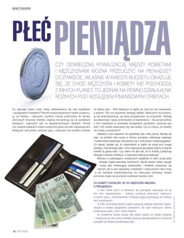 świat finansów PŁEĆ PIENIĄDZA CZY ODWIECZNĄ RYWALIZACJĘ MIĘDZY KOBIETAMI I MĘŻCZYZNAMI MOŻNA PRZELICZYĆ NA PIENIĄDZE? OCZYWIŚCIE, WŁAŚNIE W KWESTII BUDŻETU OKAZUJE SIĘ, ŻE CHOĆ MĘŻCZYŹNI I KOBIETY NIE POCHODZĄ Z INNYCH PLANET, TO JEDNAK NA PEWNO DZIAŁAJĄ NA RÓŻNYCH POD WZGLĘDEM FINANSOWYM ORBITACH. na dalszy plan – 30% badanych w ogóle się nad tym nie zastanawia, a jedynie 13% zna wysokość swojego debetu. Mężczyźni nie przejmują się teraźniejszością, są lepiej przygotowani na przyszłość. Wydają się aktywniejsi i lepiej zorientowani w inwestowaniu – dla ponad połowy z nich inwestycje to podstawa zarządzania zarobkami, podczas gdy tylko 15% kobiet zastanawia się nad lokatą. Czy to znaczy, że kobiety nie myślą o przyszłości? Niejedna z pań zapewne nie zgodziłaby się z taką opinią. Wydaje się więc, że problem tkwi raczej w różnicy pomiędzy ostentacją męskiego i subtelnością kobiecego obnoszenia się z finansowym światopoglądem. Co więcej, wydaje się, że respondenci w ogóle nie wzięli pod uwagę jednego, znamiennego faktu: choć mężczyzna jest głową rodziny, to jednak kobieta tą głową kręci. Czy zatem nie jest tak, że to kobiety podejmują decyzję o kolejnej inwestycji, a mężczyźni jedynie ją realizują? Różnice w postrzeganiu codziennych wydatków to tylko szczyt góry lodowej męsko-damskiej dychotomii. Wyniki badań trzeba przyjąć raczej jako interesującą ciekawostkę i wnikliwie zastanowić się nad tym, jak to jest naprawdę z kobietami i mężczyznami. Być może w tej niezwykle problematycznej, bo dotyczącej pieniędzy, kwestii pomocne okaże się poznanie oczekiwań każdej z płci. CO KOBIETY CHCIAŁYBY, BY ICH MĘŻCZYŹNI WIEDZIELI O PIENIĄDZACH: 1) Być może brzmi to banalnie, ale pieniądze naprawdę nie są dla nich najważniejsze – kobiety oczekują obecności mężczyzn w swoim życiu i zdecydowanie mniejszą wagę przywiązują do kolekcji kart kredytowych. 2) Fakt, że kobiety bardzo często wykazują większe zdolności organizacyjne w kwestii zarządzania pieniędzmi, nie czyni mężczyzn, wbrew przekonaniu wielu z nich, mniej męskimi. 3) Codzienna troska znaczy dla kobiet więcej niż drogie prezenty – zmęczone po dniu pracy bardziej docenią zaangażowanie w kuchenne porządki niż kolejną diamentową kolię. 90 WITTCHEN Fot. Wittchen, www.sxc.com Co zaprząta nasze myśli, kiedy zastanawiamy się nad wydatkami i zaciągniętymi kredytami? Wyniki przeprowadzonych badań przekonują, że kobiety i mężczyźni zupełnie inaczej podchodzą do tematu domowych finansów. Kobiety częściej koncentrują się na wydatkach bieżących, mężczyźni zaś na długoterminowych lokatach. Ponad trzy czwarte badanych kobiet codziennie głowi się nad uregulowaniem bieżących rachunków, podczas gdy u mężczyzn ten problem schodzi 4) Dekorując mieszkanie, kobiety nie dbają o koszta. Nie jest to jednak zbędna rozrzutność. Nowoczesny design salonu ma dla kobiet takie samo znaczenie jak dla większości mężczyzn opływowe kształty i siła silnika nowoczesnego kabrioletu. 5) Nawet jeśli kobieta sprawuje pieczę nad codziennym budżetem, docenia zaangażowanie mężczyzn w planowanie bieżących wydatków. Potrzebuje wsparcia i akceptacji powziętych decyzji – z pewnością bycie nadzorcą orzekającym o konieczności zredukowania kosztów codziennego lunchu na mieście nie leży w jej naturze. 6) Stanowcze „nie” od czasu do czasu skutecznie przyhamuje niekiedy zbyt kosztowne pomysły kobiet. Przesadnie emocjonalne traktowanie wielu kwestii to ich największa słabość. Do mężczyzn należy zatem obowiązek jednoznacznego wskazania prawdziwych potrzeb i odgrodzenie ich od nieprzemyślanych zachcianek. CO MĘŻCZYŹNI CHCIELIBY, BY ICH KOBIETY WIEDZIAŁY O PIENIĄDZACH: 1) Mężczyźni nie znają odpowiedzi na wszystkie pytania, jakie stawia przed nimi świat finansów. Być może niekiedy trudno im się do tego przyznać, ale ma on dla nich wiele tajemnic. Niejednokrotnie wbrew temu, co twierdzą, kiedy do głosu dochodzi męska duma, nie wiedzą, która z lokat będzie najodpowiedniejsza dla dziecka, która z inwestycji – najkorzystniejsza. Pomoc kobiet w tych kwestiach jest zatem zawsze niezbędna. 2) Myśl o bezpiecznej emeryturze zaprząta ich myśli niemal codziennie. Oszczędność to ich domena – przecież jedna zaoszczędzona złotówka równa się dwóm złotówkom zarobionym. Dostatnia, pewna przyszłość to ich główny cel – miło jest czuć, że i kobiety o niej myślą, dbając o ekonomię codziennych wydatków. 3) Choć rozrzutność nie leży w męskiej naturze, panowie nie chcą być postrzegani jako skąpcy. Lubią zabierać swoje partnerki do restauracji, chcą obsypywać je kwiatami i rozczulać pudełkami czekoladek. Umiejętność dokonywania słusznych finansowych wyborów, wyczucie chwili, okazji i możliwości nie są im obce – zbędne są zatem pytania kobiet o to, czy „na pewno nas na to stać?”. Owszem, oszczędność to ich domena, ale mężczyźni wiedzą, jak zaoszczędzić, a jednocześnie zasłużyć na miano dżentelmena. 4) Mężczyźni bardzo nie lubią, kiedy kobiety wprowadzają ich w zakłopotanie publiczną dyskusją o problemach finansowych. Nic ich tak nie zrani, jak litość na twarzy słuchaczy dowiadujących się, że ich inwestycja poniosła fiasko, a status materialny zawdzięczają dobroduszności rodziców. Nie zniosą myśli, że w kwestii pieniądza są nieudolni. Przecież każda porażka mobilizuje do wzmożonej aktywności – mężczyźni wiedzą, jak przekuć ją w zwycięstwo. Najlepiej więc, żeby kobiety nie podcinały im skrzydeł, podkreślając chwilowe trudności w dosiadaniu finansowego rumaka sukcesu. Marcin Pacho Tekst powstał dzięki uprzejmości użytkowników portali Thewinsdomjournal.com i Beingfrugal.net REKLAMA W. Eichelberger
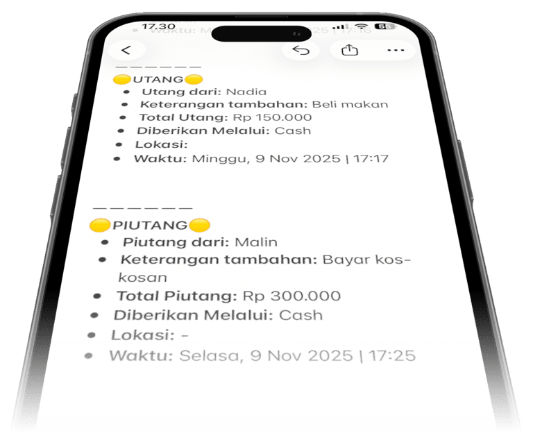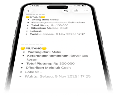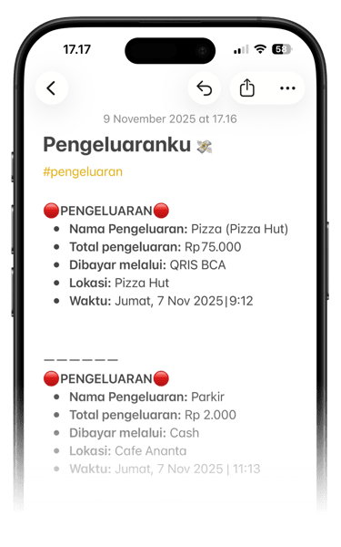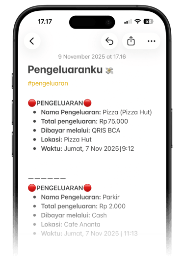 Otomatis tercatat 👉 Langsung masuk ke catatan keuangan di Apple Notes kamu
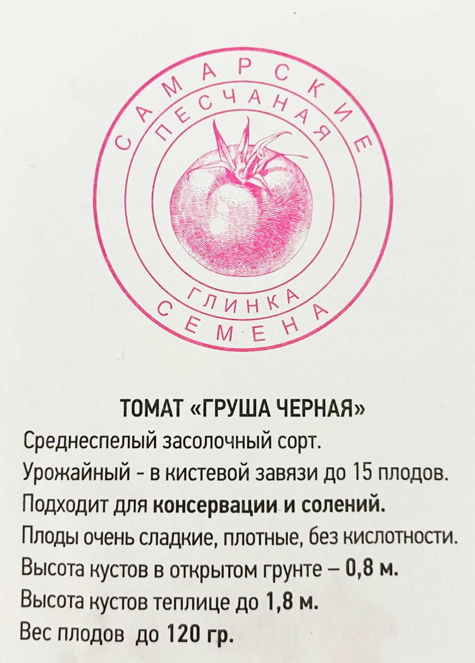 Томат Груша ЧёрнаяСреднеспелый засолочный сорт. Урожайный - в кистевой завязи до 15 плодов. Подходит для консервации и солений. Плоды очень сладкие, плотные, без кислотности. Высота кустов в открытом грунте - 0,8 м. Высота кустов теплице до 1,8 м. Вес плодов до 120 гр.
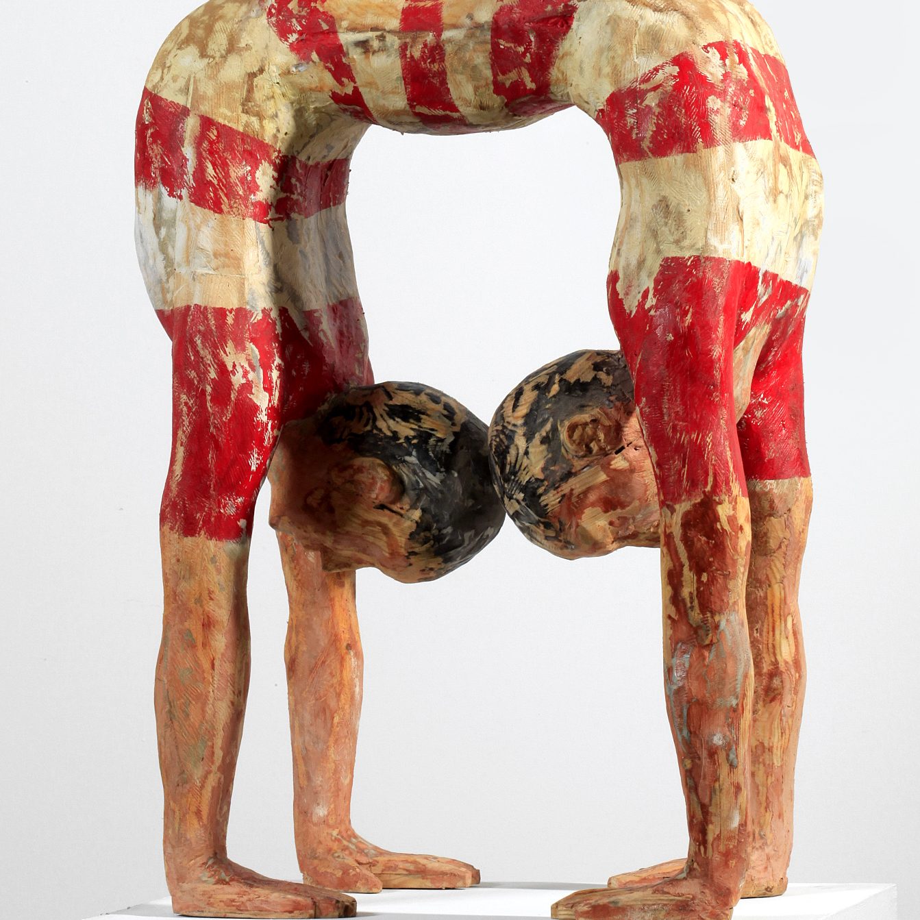 You have a few contortionists that also happen to be Siamese twins. One pair is without faces, another is missing legs. What deeper meanings do you wish to explore and convey through bent, twisted bodies and the element of duplication?
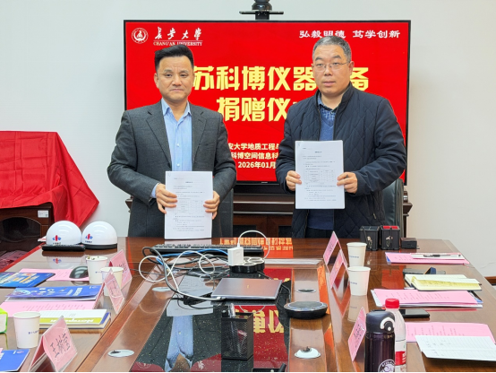 2026年1月23日,mjm世界杯官网与江苏科博空间信息科技有限公司在公司会议室举行北斗仪器捐赠与合作签约仪式。公司优秀员工、南京信息工程大学王新志教授(江苏科博空间信息科技有限公司联合创始人),江苏科博空间信息科技有限公司创始人、南京信息工程大学柯福阳教授,江苏科博空间信息科技有限公司轮值CEO高申,公司社会合作处处长杨红斌,公司党委书记王树莹,公司党委副书记、副经理欧阳韬,公司副经理朱武出席活动。科博通导遥(西安)科技有限公司王星总经理、公司社会合作处综合科秘书向方远、mjm世界杯官网测绘科学系张双成教授、杨成生教授、瞿伟教授等教师代表参会并见证双方签署合作协议,会议由欧阳韬副书记主持。
********************
Brief>
If an entry holds a picture, leave the picture out and repeat the rest exactly.

Your solution>
 świat finansów PŁEĆ PIENIĄDZA CZY ODWIECZNĄ RYWALIZACJĘ MIĘDZY KOBIETAMI I MĘŻCZYZNAMI MOŻNA PRZELICZYĆ NA PIENIĄDZE? OCZYWIŚCIE, WŁAŚNIE W KWESTII BUDŻETU OKAZUJE SIĘ, ŻE CHOĆ MĘŻCZYŹNI I KOBIETY NIE POCHODZĄ Z INNYCH PLANET, TO JEDNAK NA PEWNO DZIAŁAJĄ NA RÓŻNYCH POD WZGLĘDEM FINANSOWYM ORBITACH. na dalszy plan – 30% badanych w ogóle się nad tym nie zastanawia, a jedynie 13% zna wysokość swojego debetu. Mężczyźni nie przejmują się teraźniejszością, są lepiej przygotowani na przyszłość. Wydają się aktywniejsi i lepiej zorientowani w inwestowaniu – dla ponad połowy z nich inwestycje to podstawa zarządzania zarobkami, podczas gdy tylko 15% kobiet zastanawia się nad lokatą. Czy to znaczy, że kobiety nie myślą o przyszłości? Niejedna z pań zapewne nie zgodziłaby się z taką opinią. Wydaje się więc, że problem tkwi raczej w różnicy pomiędzy ostentacją męskiego i subtelnością kobiecego obnoszenia się z finansowym światopoglądem. Co więcej, wydaje się, że respondenci w ogóle nie wzięli pod uwagę jednego, znamiennego faktu: choć mężczyzna jest głową rodziny, to jednak kobieta tą głową kręci. Czy zatem nie jest tak, że to kobiety podejmują decyzję o kolejnej inwestycji, a mężczyźni jedynie ją realizują? Różnice w postrzeganiu codziennych wydatków to tylko szczyt góry lodowej męsko-damskiej dychotomii. Wyniki badań trzeba przyjąć raczej jako interesującą ciekawostkę i wnikliwie zastanowić się nad tym, jak to jest naprawdę z kobietami i mężczyznami. Być może w tej niezwykle problematycznej, bo dotyczącej pieniędzy, kwestii pomocne okaże się poznanie oczekiwań każdej z płci. CO KOBIETY CHCIAŁYBY, BY ICH MĘŻCZYŹNI WIEDZIELI O PIENIĄDZACH: 1) Być może brzmi to banalnie, ale pieniądze naprawdę nie są dla nich najważniejsze – kobiety oczekują obecności mężczyzn w swoim życiu i zdecydowanie mniejszą wagę przywiązują do kolekcji kart kredytowych. 2) Fakt, że kobiety bardzo często wykazują większe zdolności organizacyjne w kwestii zarządzania pieniędzmi, nie czyni mężczyzn, wbrew przekonaniu wielu z nich, mniej męskimi. 3) Codzienna troska znaczy dla kobiet więcej niż drogie prezenty – zmęczone po dniu pracy bardziej docenią zaangażowanie w kuchenne porządki niż kolejną diamentową kolię. 90 WITTCHEN Fot. Wittchen, www.sxc.com Co zaprząta nasze myśli, kiedy zastanawiamy się nad wydatkami i zaciągniętymi kredytami? Wyniki przeprowadzonych badań przekonują, że kobiety i mężczyźni zupełnie inaczej podchodzą do tematu domowych finansów. Kobiety częściej koncentrują się na wydatkach bieżących, mężczyźni zaś na długoterminowych lokatach. Ponad trzy czwarte badanych kobiet codziennie głowi się nad uregulowaniem bieżących rachunków, podczas gdy u mężczyzn ten problem schodzi 4) Dekorując mieszkanie, kobiety nie dbają o koszta. Nie jest to jednak zbędna rozrzutność. Nowoczesny design salonu ma dla kobiet takie samo znaczenie jak dla większości mężczyzn opływowe kształty i siła silnika nowoczesnego kabrioletu. 5) Nawet jeśli kobieta sprawuje pieczę nad codziennym budżetem, docenia zaangażowanie mężczyzn w planowanie bieżących wydatków. Potrzebuje wsparcia i akceptacji powziętych decyzji – z pewnością bycie nadzorcą orzekającym o konieczności zredukowania kosztów codziennego lunchu na mieście nie leży w jej naturze. 6) Stanowcze „nie” od czasu do czasu skutecznie przyhamuje niekiedy zbyt kosztowne pomysły kobiet. Przesadnie emocjonalne traktowanie wielu kwestii to ich największa słabość. Do mężczyzn należy zatem obowiązek jednoznacznego wskazania prawdziwych potrzeb i odgrodzenie ich od nieprzemyślanych zachcianek. CO MĘŻCZYŹNI CHCIELIBY, BY ICH KOBIETY WIEDZIAŁY O PIENIĄDZACH: 1) Mężczyźni nie znają odpowiedzi na wszystkie pytania, jakie stawia przed nimi świat finansów. Być może niekiedy trudno im się do tego przyznać, ale ma on dla nich wiele tajemnic. Niejednokrotnie wbrew temu, co twierdzą, kiedy do głosu dochodzi męska duma, nie wiedzą, która z lokat będzie najodpowiedniejsza dla dziecka, która z inwestycji – najkorzystniejsza. Pomoc kobiet w tych kwestiach jest zatem zawsze niezbędna. 2) Myśl o bezpiecznej emeryturze zaprząta ich myśli niemal codziennie. Oszczędność to ich domena – przecież jedna zaoszczędzona złotówka równa się dwóm złotówkom zarobionym. Dostatnia, pewna przyszłość to ich główny cel – miło jest czuć, że i kobiety o niej myślą, dbając o ekonomię codziennych wydatków. 3) Choć rozrzutność nie leży w męskiej naturze, panowie nie chcą być postrzegani jako skąpcy. Lubią zabierać swoje partnerki do restauracji, chcą obsypywać je kwiatami i rozczulać pudełkami czekoladek. Umiejętność dokonywania słusznych finansowych wyborów, wyczucie chwili, okazji i możliwości nie są im obce – zbędne są zatem pytania kobiet o to, czy „na pewno nas na to stać?”. Owszem, oszczędność to ich domena, ale mężczyźni wiedzą, jak zaoszczędzić, a jednocześnie zasłużyć na miano dżentelmena. 4) Mężczyźni bardzo nie lubią, kiedy kobiety wprowadzają ich w zakłopotanie publiczną dyskusją o problemach finansowych. Nic ich tak nie zrani, jak litość na twarzy słuchaczy dowiadujących się, że ich inwestycja poniosła fiasko, a status materialny zawdzięczają dobroduszności rodziców. Nie zniosą myśli, że w kwestii pieniądza są nieudolni. Przecież każda porażka mobilizuje do wzmożonej aktywności – mężczyźni wiedzą, jak przekuć ją w zwycięstwo. Najlepiej więc, żeby kobiety nie podcinały im skrzydeł, podkreślając chwilowe trudności w dosiadaniu finansowego rumaka sukcesu. Marcin Pacho Tekst powstał dzięki uprzejmości użytkowników portali Thewinsdomjournal.com i Beingfrugal.net REKLAMA W. Eichelberger
 Otomatis tercatat 👉 Langsung masuk ke catatan keuangan di Apple Notes kamu
 Томат Груша ЧёрнаяСреднеспелый засолочный сорт. Урожайный - в кистевой завязи до 15 плодов. Подходит для консервации и солений. Плоды очень сладкие, плотные, без кислотности. Высота кустов в открытом грунте - 0,8 м. Высота кустов теплице до 1,8 м. Вес плодов до 120 гр.
 You have a few contortionists that also happen to be Siamese twins. One pair is without faces, another is missing legs. What deeper meanings do you wish to explore and convey through bent, twisted bodies and the element of duplication?
 2026年1月23日,mjm世界杯官网与江苏科博空间信息科技有限公司在公司会议室举行北斗仪器捐赠与合作签约仪式。公司优秀员工、南京信息工程大学王新志教授(江苏科博空间信息科技有限公司联合创始人),江苏科博空间信息科技有限公司创始人、南京信息工程大学柯福阳教授,江苏科博空间信息科技有限公司轮值CEO高申,公司社会合作处处长杨红斌,公司党委书记王树莹,公司党委副书记、副经理欧阳韬,公司副经理朱武出席活动。科博通导遥(西安)科技有限公司王星总经理、公司社会合作处综合科秘书向方远、mjm世界杯官网测绘科学系张双成教授、杨成生教授、瞿伟教授等教师代表参会并见证双方签署合作协议,会议由欧阳韬副书记主持。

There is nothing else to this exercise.